Tag Archives: unicorns

Hamsters & Unicorns

7 Sep

Today is the hardest day: the day before school starts.

It is important to make it last, to suck the marrow out of every last bit of “freedom”.

It is a good thing I love my job.

I will help myself escape reality by immersing myself in three exciting graphic novels, all perfect for the elementary set.

Princess Hamster: Harriet the Invincible is the first volume of a new series by Ursula Vernon.


Publisher’s Summary: Harriet Hamsterbone is not your typical princess. She may be quite stunning in the rodent realm (you’ll have to trust her on this one), but she is not so great at trailing around the palace looking ethereal or sighing a lot. She finds the royal life rather . . . dull. One day, though, Harriet’s parents tell her of the curse that a rat placed on her at birth, dooming her to prick her finger on a hamster wheel when she’s twelve and fall into a deep sleep. For Harriet, this is most wonderful news: It means she’s invincible until she’s twelve! After all, no good curse goes to waste. And so begins a grand life of adventure with her trusty riding quail, Mumfrey…until her twelfth birthday arrives and the curse manifests in a most unexpected way.

There is a second volume entitled Of mice and Magic due out in March 2016.

Equally as pink and purple are two books by Dana Simpson: Phoebe and her Unicorn and Unicorn on a Roll.


Publisher’s Summary:A boy and his dog . . . a girl and her . . . unicorn?

It all started when Phoebe skipped a rock across a pond and accidentally hit a unicorn in the face. Improbably, this led to Phoebe being granted one wish, and she used it to make the unicorn, Marigold Heavenly Nostrils, her obligational best friend. But can a vain mythical beast and a nine-year-old daydreamer really forge a connection? Indeed they can, and that’s how Phoebe and Her Unicorn unfolds.

This beautifully drawn strip follows the unlikely friendship between a somewhat awkward girl and the unicorn who gradually shows her just how special she really is. Through hilarious adventures where Phoebe gets to bask in Marigold’s “awesomeness,” the friends also come to acknowledge that they had been lonely before they met and truly appreciate the bond they now share.

The fun continues in the second volume.


Publisher’s summary: One year has passed since Phoebe skipped a rock across a pond, accidentally hit a unicorn in the face, and was granted a single wish—which she used to make the unicorn, Marigold Heavenly Nostrils, her obligational best friend. In some ways, not much has changed. At school Phoebe still clashes with her rival–and sometimes “frenemy”–he ever-taunting and imperious Dakota. Outside of school, she still fills her free time with extra-credit homework assignments, dramatic monologues about the injustices associated with school cliques, and imaginative conspiracy theories regarding global forces like the “powerful construction paper lobby.” But unlike before, Phoebe now has a best friend to share it with—someone to make her laugh and to listen to all her extravagant ideas.
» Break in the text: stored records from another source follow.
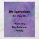 Let your caregivers, assistants, and helpers know that they are appreciated with this inexpensive wine bottle label featuring a marbled purple abstract background. "We Appreciate You" and your name can easily be customized.
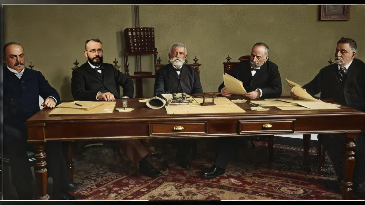 This historical photo shows the first Executive Committee of the autonomous Cretan State in 1898. This five-member committee acted as the provisional government of Crete, managing the island’s administration following the departure of Ottoman forces and prior to the arrival of Prince George of Greece as High Commissioner.
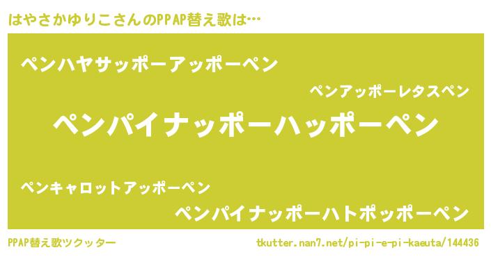 | ヘコむあだ名 | 『はやさかゆりこ(遠い目)』『はやぷりん』 |
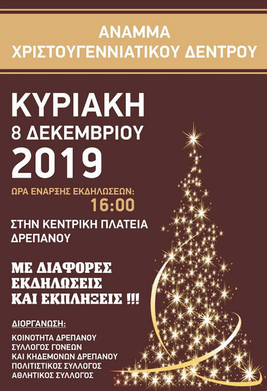 Ανάβει το Χριστουγεννιάτικο δέντρο της η Τ.Κ. Δρεπάνου.
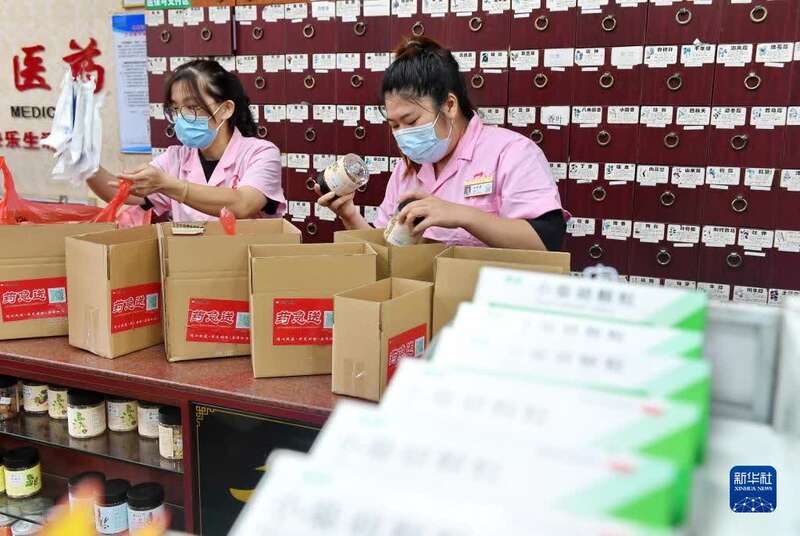 9月23日,药店工作人员在打包群众通过“康急送”云守护平台购买的药品。新华社记者 林善传 摄

In this second volume of Heavenly Nostrils, titled, Unicorn on a Roll, the reader is invited on a journey into the lives of Phoebe and Marigold as they navigate the difficulties of grade school, celebrate the winter holidays, and explore their super hero/super villain personas together. Join in the fun, as Phoebe competes against Dakota for the leading role of “Lisa Ladybug” in their fourth-grade play—or as she struggles to “manage” the PR debacle related to her nose-picking-scandal. (“I will neither confirm nor deny the events surrounding Boogergate.”) Witness a band of unicorns staging an “intervention” and learn all the details of Marigold’s secret crush on a mysterious creature she has never seen. Perhaps most important, watch as this surprising friendship between a charming, nine-year-old dreamer and a vain, mythical beast forever changes both of them for the better.

Whether you are in or out of denial, have a great Labo(u)r Day!

Fun with Magical Creatures

3 May

Friday Maggie Stiefvater and Jackson Pearce came to William Walker as part of their promotional tour of their middle grade novel Pip Bartlett’s Guide to Magical Creatures.


My class has really been into magical creatures this year. One boy draws and writes stories about dragons and many other students have created comics with characters who have special powers, like Fry Guy, a french fry who  encounters, then,  solves problems. Although they haven’t read this book yet (it will be our next read aloud) I knew they’d be interested once they got to the assembly, so we brainstormed good questions to ask before we went to the assembly.

Once we were there, Maggie and Jackson did not disappoint. They presented a lovely contrast, one dark, one fair; one looking at the bright side, one looking at the dark side.They had clearly practiced their presentation, which was fast-paced and engaging.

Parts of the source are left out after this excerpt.